(DATA BLOCK)
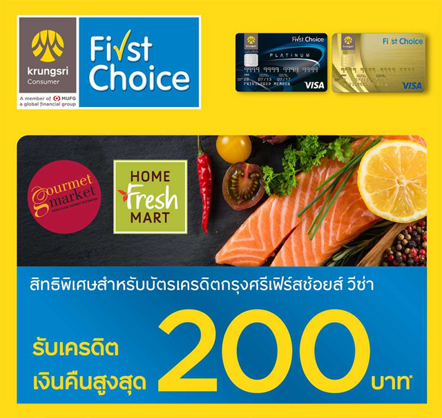 รับคืนสูงสุด 200.- เมื่อใช้จ่ายที่ Gourmet market และ Home Fresh Mart ผ่านฯ กรุงศรีเฟิร์สช้อยส์ วีซ่า
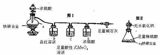 9.(18分)现有某铁碳合金,某化学兴趣小组为了测定铁碳合金中铁的质量分数,并探求浓硫酸的某些性质,设计了下图所示的实验装置和实验方案(夹持仪器已省略),请你参与此项活动并回答相应问题。
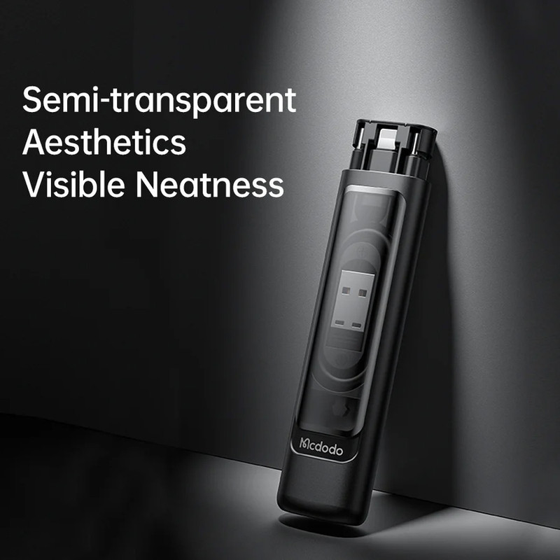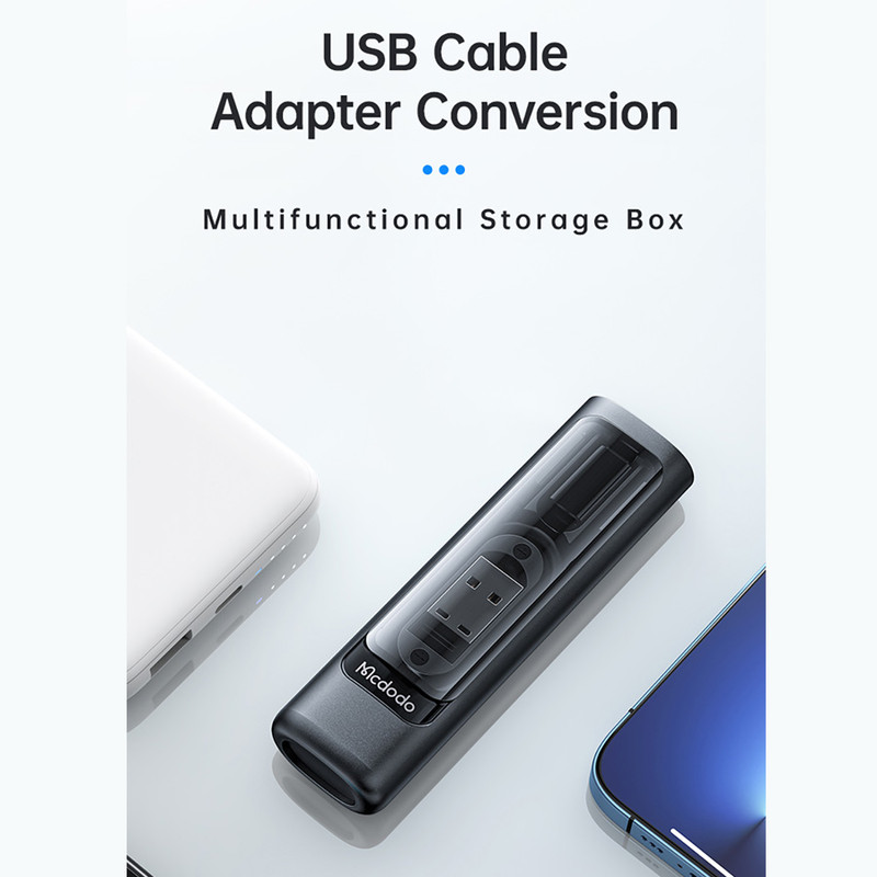 برند مک دودو با تمرکز بر تکنولوژی های پیشرفته در زمینه تولید شارژر و لوازم جانبی موبایل، محصولاتی با کیفیت و ایمنی بالا و کارایی مطلوب ارائه می دهد. مک دودو توانسته است جایگاه ویژه ای در بازار جهانی به دست آورد و محصولات متنوعی مانند کابل ها، شارژرها، پاوربانک ها و لوازم جانبی دیگر را به کاربران عرضه کند. کابل تبدیل USB-C/USB به Lightning، USB-C، Micro USB مک دودو مدل Box با طول 0.29 متر، با تمرکز بر چند کاره بودن طراحی شده است و محصولی چند منظوره است و می تواند تمام نیاز های شما به داشتن کابل های متعدد را رفع کند. داخل این باکس چند منظوره مک دودو، یک کابل تایپ سی به تایپ سی با طول 29 سانتی متر، یک تبدیل Type-C به لایتنینگ (آیفونی)، یک تبدیل Type-C به USB، یک تبدیل Type-C به میکرو (Micro USB) و یک سوزن سیم کارت وجود دارد. قابل ذکر است تبدیل ها به کانکتور تایپ سی متصل خواهند شد. شما با استفاده از این تبدیل ها و کابل می توانید تمام دستگاه های موجود را به سیستم و یا آداپتور خود متصل کنید و به انتقال اطلاعات و یا شارژ بپردازید. شما می توانید در حالت های مختلف از این کابل و تبدیلها استفاده کنید. بعلاوه دو محفظه برای قرار دادن سیم کارت و کارت حافظه (TF) در داخل این باکس طراحی شده که باعث می شود شما بتوانید سیم کارت و مموری کارت خود را داخل این باکس گذاشته و با خود حمل کنید. جنس این محصول از پلاستیک محکم ABS و PC بوده که مقاوم و سبک است و دارای ابعاد 107*31*17.5 میلی متر بوده و وزنی حدود ۴۰ گرم دارد که به راحتی می توانید آن را حمل کنید و در داخل کیف و یا جیب خود بگذارید و از به همراه داشتن چندین کابل متعدد بی نیاز شوید. کابل تبدیل USB-C/USB به Lightning، USB-C، Micro USB مک دودو مدل Box با طول 0.29 متر، یک پک کابل چند منظوره است که از قابلیت فناوری شارژ سریع SCP - AFC - OPPO - VOOC - VIVO QC2.0 - QC3.0 - QC4.0,PD پشتیبانی می کند، شدت جریان خروجی این کابل نیز 3 آمپر است.
(End DATA BLOCK)
Copy the data in full. No pictures belong in the copy.

 รับคืนสูงสุด 200.- เมื่อใช้จ่ายที่ Gourmet market และ Home Fresh Mart ผ่านฯ กรุงศรีเฟิร์สช้อยส์ วีซ่า
 9.(18分)现有某铁碳合金,某化学兴趣小组为了测定铁碳合金中铁的质量分数,并探求浓硫酸的某些性质,设计了下图所示的实验装置和实验方案(夹持仪器已省略),请你参与此项活动并回答相应问题。
 برند مک دودو با تمرکز بر تکنولوژی های پیشرفته در زمینه تولید شارژر و لوازم جانبی موبایل، محصولاتی با کیفیت و ایمنی بالا و کارایی مطلوب ارائه می دهد. مک دودو توانسته است جایگاه ویژه ای در بازار جهانی به دست آورد و محصولات متنوعی مانند کابل ها، شارژرها، پاوربانک ها و لوازم جانبی دیگر را به کاربران عرضه کند. کابل تبدیل USB-C/USB به Lightning، USB-C، Micro USB مک دودو مدل Box با طول 0.29 متر، با تمرکز بر چند کاره بودن طراحی شده است و محصولی چند منظوره است و می تواند تمام نیاز های شما به داشتن کابل های متعدد را رفع کند. داخل این باکس چند منظوره مک دودو، یک کابل تایپ سی به تایپ سی با طول 29 سانتی متر، یک تبدیل Type-C به لایتنینگ (آیفونی)، یک تبدیل Type-C به USB، یک تبدیل Type-C به میکرو (Micro USB) و یک سوزن سیم کارت وجود دارد. قابل ذکر است تبدیل ها به کانکتور تایپ سی متصل خواهند شد. شما با استفاده از این تبدیل ها و کابل می توانید تمام دستگاه های موجود را به سیستم و یا آداپتور خود متصل کنید و به انتقال اطلاعات و یا شارژ بپردازید. شما می توانید در حالت های مختلف از این کابل و تبدیلها استفاده کنید. بعلاوه دو محفظه برای قرار دادن سیم کارت و کارت حافظه (TF) در داخل این باکس طراحی شده که باعث می شود شما بتوانید سیم کارت و مموری کارت خود را داخل این باکس گذاشته و با خود حمل کنید. جنس این محصول از پلاستیک محکم ABS و PC بوده که مقاوم و سبک است و دارای ابعاد 107*31*17.5 میلی متر بوده و وزنی حدود ۴۰ گرم دارد که به راحتی می توانید آن را حمل کنید و در داخل کیف و یا جیب خود بگذارید و از به همراه داشتن چندین کابل متعدد بی نیاز شوید. کابل تبدیل USB-C/USB به Lightning، USB-C، Micro USB مک دودو مدل Box با طول 0.29 متر، یک پک کابل چند منظوره است که از قابلیت فناوری شارژ سریع SCP - AFC - OPPO - VOOC - VIVO QC2.0 - QC3.0 - QC4.0,PD پشتیبانی می کند، شدت جریان خروجی این کابل نیز 3 آمپر است.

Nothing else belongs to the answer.